2º. Termos em que deverá ser julgado improcedente o presente recurso.'
Corridos que foram os vistos legais, cumpre apreciar e decidir.
II - FUNDAMENTOS:
3. - A recorrente questiona a constitucionalidade do artigo 61º, nº 3, alínea b) e do artigo 141º, nº 3, ambos do Código de Processo Penal de 1987, tendo deixado cair a questão da inconstitucionalidade do nº 2 do artigo 342º do mesmo código, por ter sido entretanto revogado. É o seguinte o teor dos preceitos questionados:
Artigo 61º
(Direitos e deveres processuais)
1. O arguido goza, em especial, em qualquer fase do processo e, salvas as excepções da lei, dos direitos de: a) ................................................
3. Recaem, em especial, sobre o arguido, os deveres de:
(_) b) Responder com verdade às perguntas feitas por entidade competente sobre a sua identidade e, quando a lei o impuser, sobre os seus antecedentes criminais; c) (_)
Pelo seu lado, o artigo 141º tem o seguinte teor:
Artigo 141º
(Primeiro interrogatório judicial do arguido detido)
1. (_)
2. (_)
3. O arguido é perguntado pelo seu nome, filiação, freguesia e concelho de naturalidade, data de nascimento, estado civil, profissão, residência, número de documento oficial que permita a identificação, se já esteve alguma vez preso, quando e porquê e se foi ou não condenado e por que crimes.
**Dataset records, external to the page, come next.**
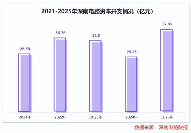 2025年,深南电路经营性现金流净额达38.38亿元,从2021年的23.42亿元稳步增长。现金流与净利润的匹配度很高,说明公司的利润是“真金白银”,而不是“账面富贵”。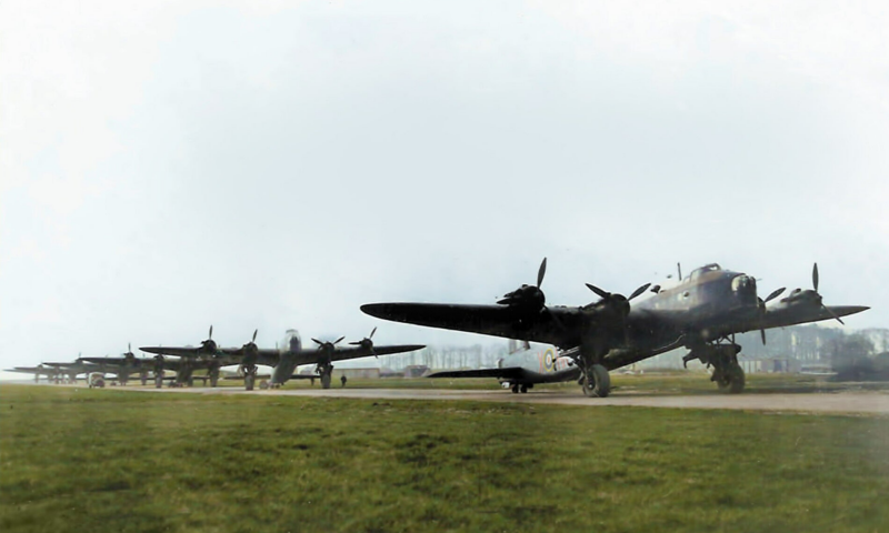 A well-known photo of 218 (Gold Coast) Squadron Stirling Bomber DJ976 HA-'A. Apple, which has been skillfully colourised.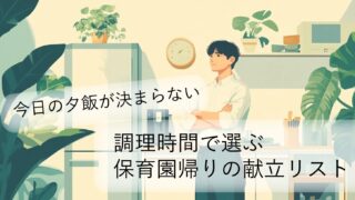 今日の夕飯が決まらない……その悩み、「主菜の調理時間」で解決しませんか?作り置きなし・保育園児2人の共働き家庭が実践する、調理時間別の献立リストと考え方を紹介します。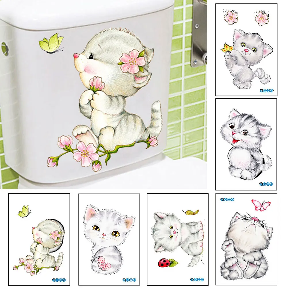 Съемный милый кот ванная комната туалет крышка стикер водонепроницаемый Туалет Наклейка Декор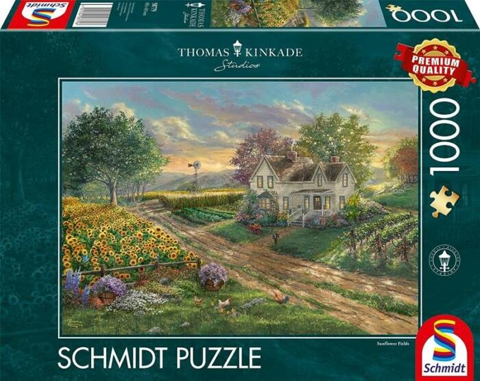 A Schmidt puzzle kiváló minőségű, német gyártmányú kirakó. A speciális matt lakk felhasználás következtében a kirakók fényvisszaverődés nélkül tárják elénk a szebbnél szebb képeket. Schmidt 1000 db-os puzzle - Sunflower fields, Thomas Kinkade képen egy csodálatos vidéki csendélet látható, napraforgó kkal.
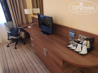 Я переехал в номер 341, в нём явно меньше слышен шум вентиляции. Далее, кондиционирование, оно вроде работает, но температура, после пару часов включенного кондиционера, не сильно изменилась, так что кондером я остался не сильно доволен. Сам номер нормальных размеров, есть удобное кресло с подставкой под ноги, стол с удобным стулом, удобное рабочее место, интернет правда на троечку,чуть жесткий матрас на кровати, но в целом всё ок. В ванной много шампунчиков и гелей, бритвы разовой нет, так же я не обнаружил и фена, жаль. В номере много чайно-кофейной мелочёвки, иногда приятно попить кофе прям в номере.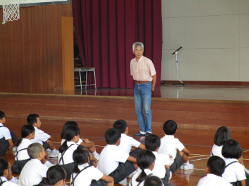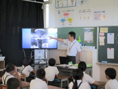 子どもたちは真剣に聞いてくれました。被害の様子の写真もみんなで見ました。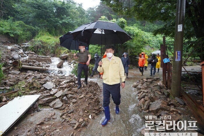 [경기 광주=로컬라이프] 송준형 기자 = 방세환 경기도 광주시장이 수해 현장을 방문해 피해 현장을 점검했다.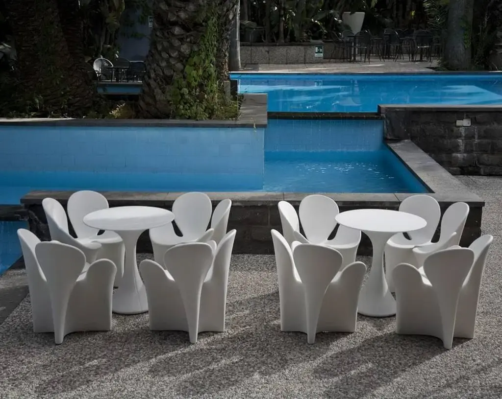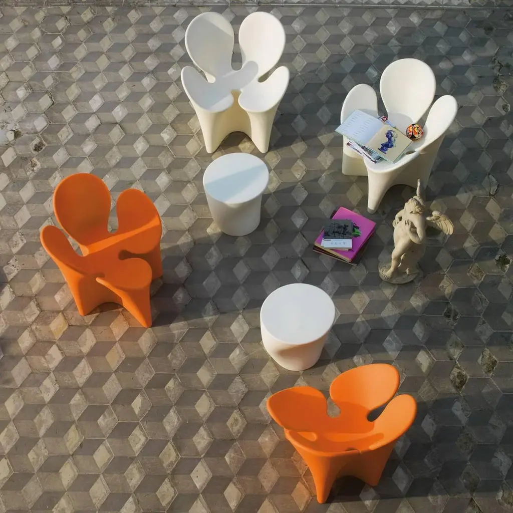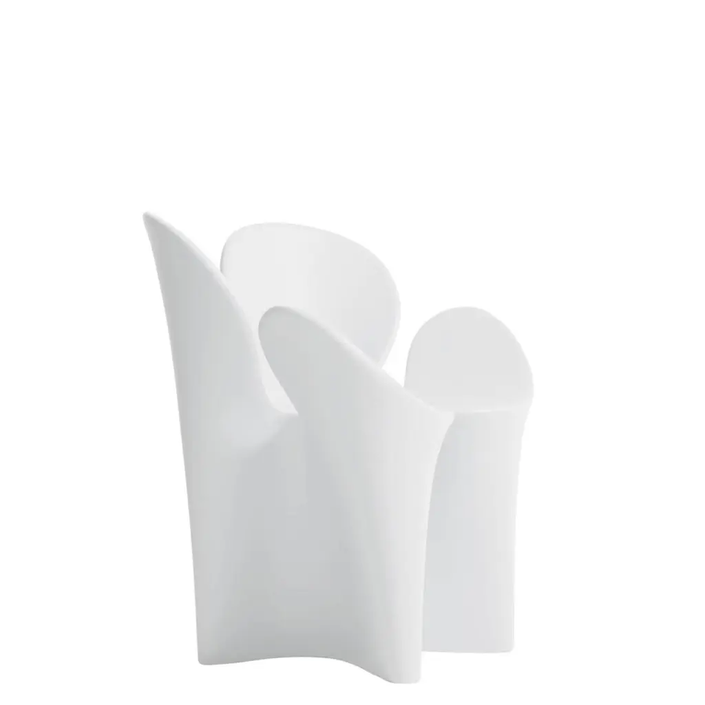 "Clover" is a white, orange or green polyethylene flower shaped monobloc armchair, designed by Ron Arad and manufactured by Driade.White version only is available in quick ship.Indoor and outdoor use. DIMENSIONS:D. 21.2", W. 26", H. 29.7", Seat H. 16.7"Can armchairs change into flowers? Flowers of an unknown species, featuring four fleshy petals and strong roots. Abstract flowers, capable of enriching nature thanks to Ron Arad's creative talent.RON ARAD, born in Tel Aviv in 1951, educated at the Jerusalem Academy of Art and later at the Architectural Association in London, co-founded with Caroline Thorman the design and production studio One Off in 1981 and later, in 1989, Ron Arad Associates architecture and design practice. In 2008 Ron Arad Architects was established alongside Ron Arad Associates.From 1994 to 1999 he established the Ron Arad Studio, design and production unit in Como, Italy. He was Professor of Design Product at the Royal College of Art in London up until 2009. Ron Arad was awarded the 2011 London Design Week Medal for design excellence and became a Royal Academician of the Royal Academy of Arts in 2013.Ron Arad’s constant experimentation with the possibilities of materials such as steel, aluminum or polyamide and his radical re-conception of the form and structure of furniture has put him at the forefront of contemporary design and architecture.Alongside his limited edition studio work, Arad designs for many leading international companies including Kartell, Vitra, Moroso, Fiam, Driade, Alessi, Cappellini, Cassina, WMF and Magis among many others.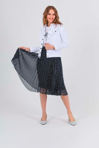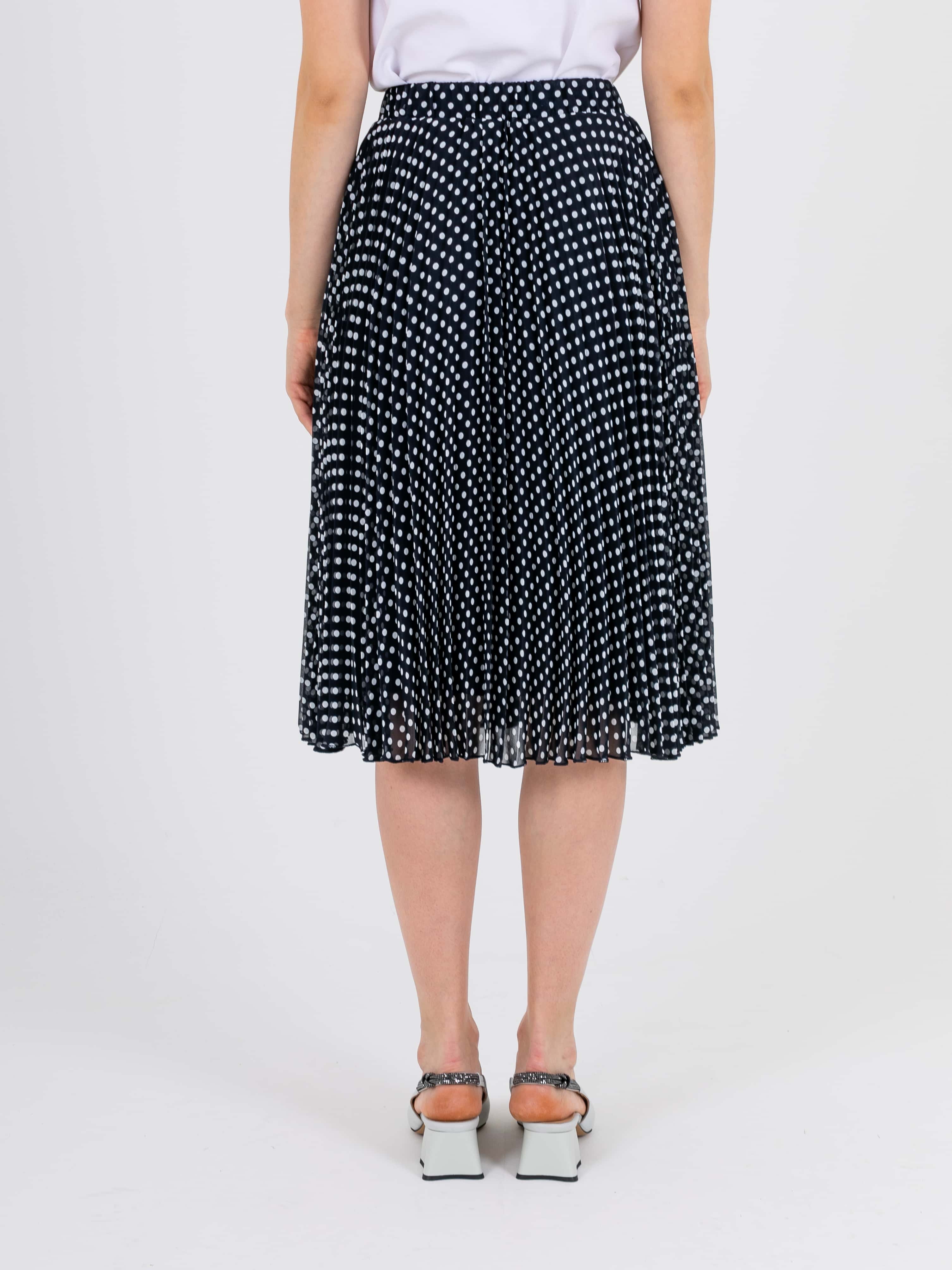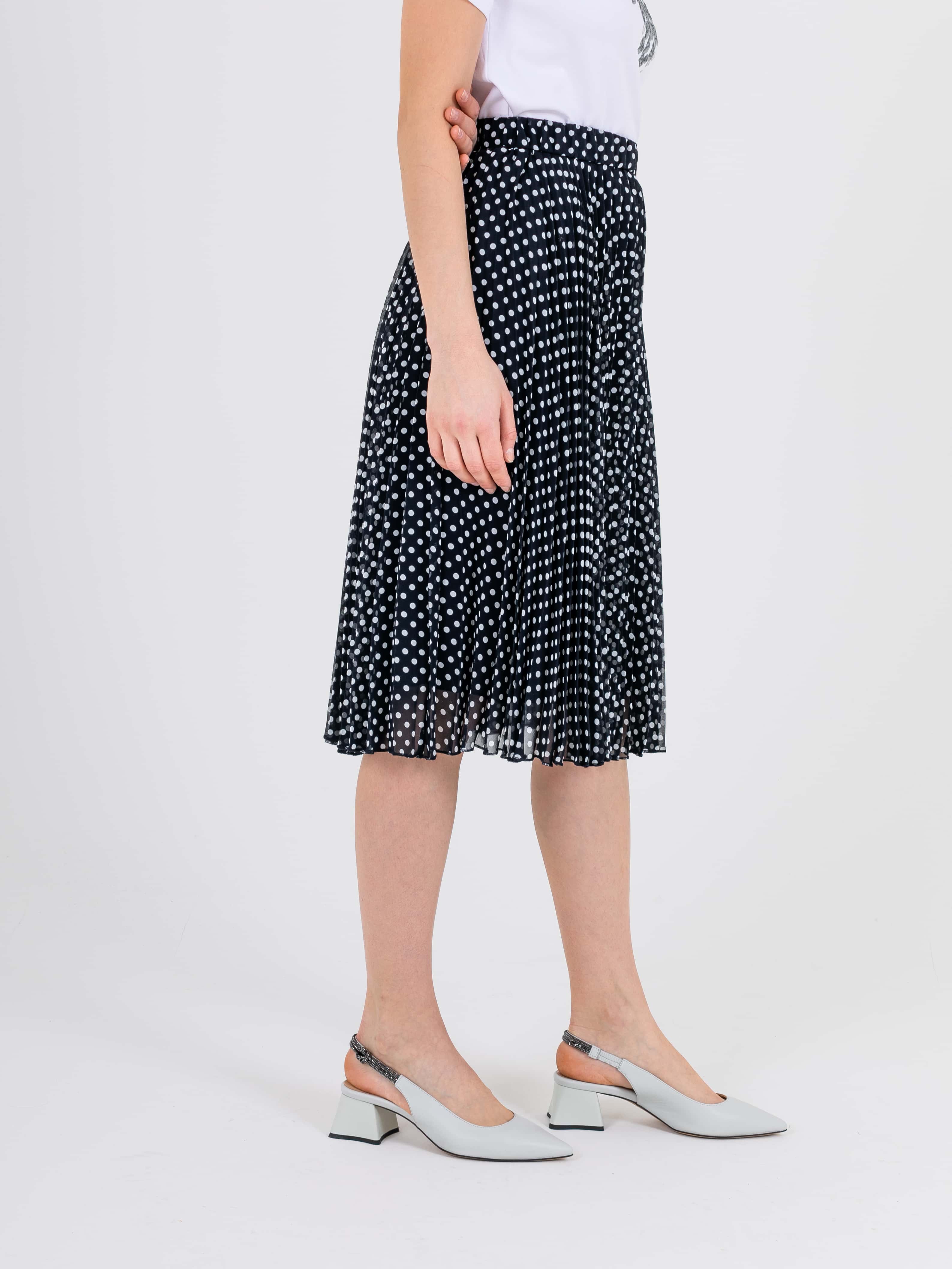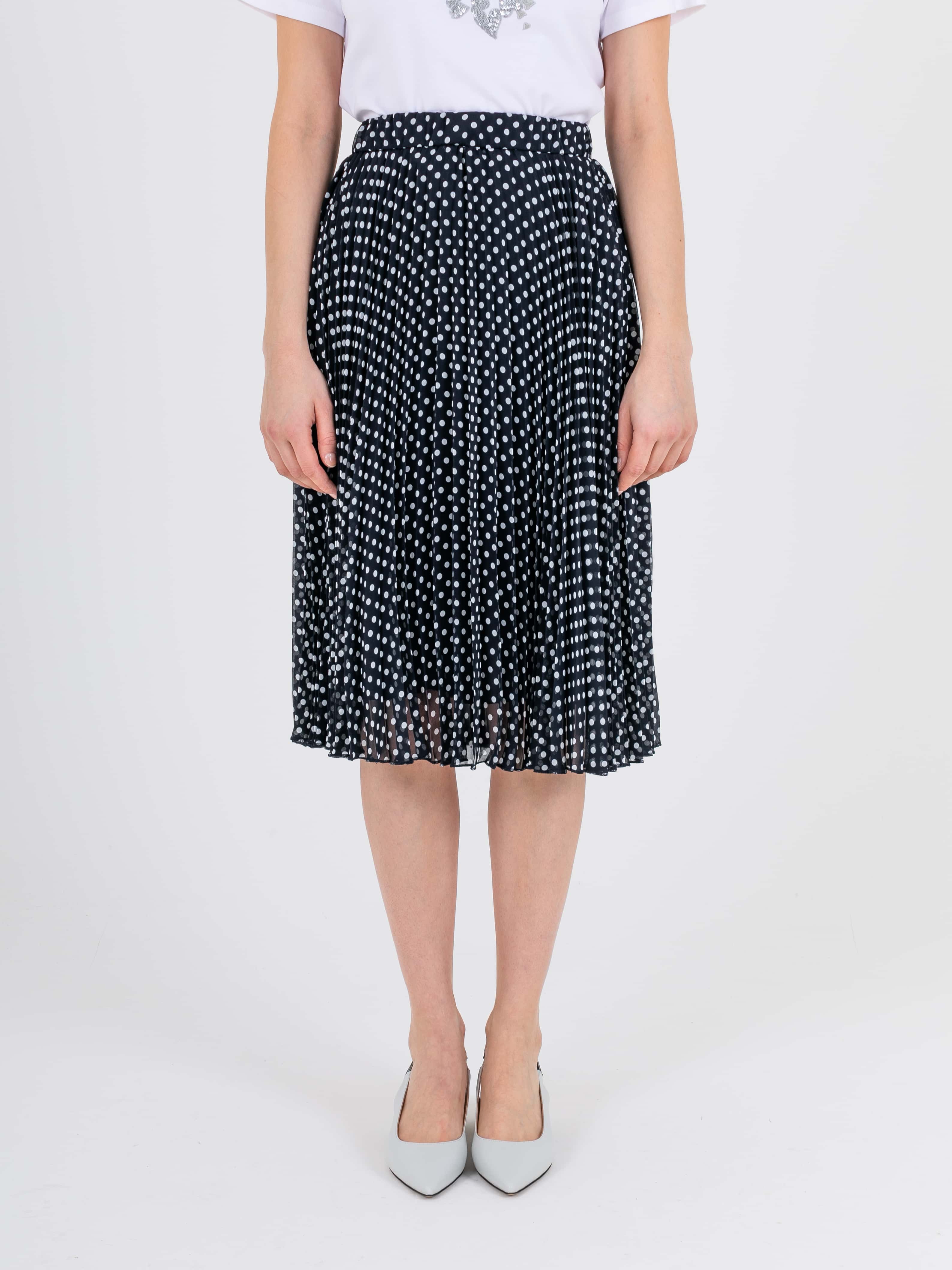 Легкая юбка полусолнце длиной ниже колена, дизайнерская особенность модели – яркий принт «горошек» и плиссировка. Верх юбки обработан поясом на резинке. Юбка на подкладке.

Deve ser advertido de que a falta de resposta a estas perguntas ou a falsidade da mesma o pode fazer incorrer em responsabilidade penal.
Segundo a recorrente, o interrogatório imposto pelo artigo 141º na parte relativa aos antecedentes criminais do arguido e ao qual ele deve responder com verdade, por força do preceituado no artigo 61º, nº3, alínea b) sob pena de, não o fazendo, poder vir a ser condenado pelo crime de falsas declarações, viola o artigo 32º, nº1, da Constituição (CRP).
Com efeito, tal imposição é desrazoável pois o tribunal tem fácil acesso ao registo criminal, além de que, ao declinar tais antecedentes, leva a que o juiz que vai apreciar a sua situação fique desde logo influenciado não apenas pelos factos mas também por tais antecedentes, o que vai afectar as garantias de defesa do arguido.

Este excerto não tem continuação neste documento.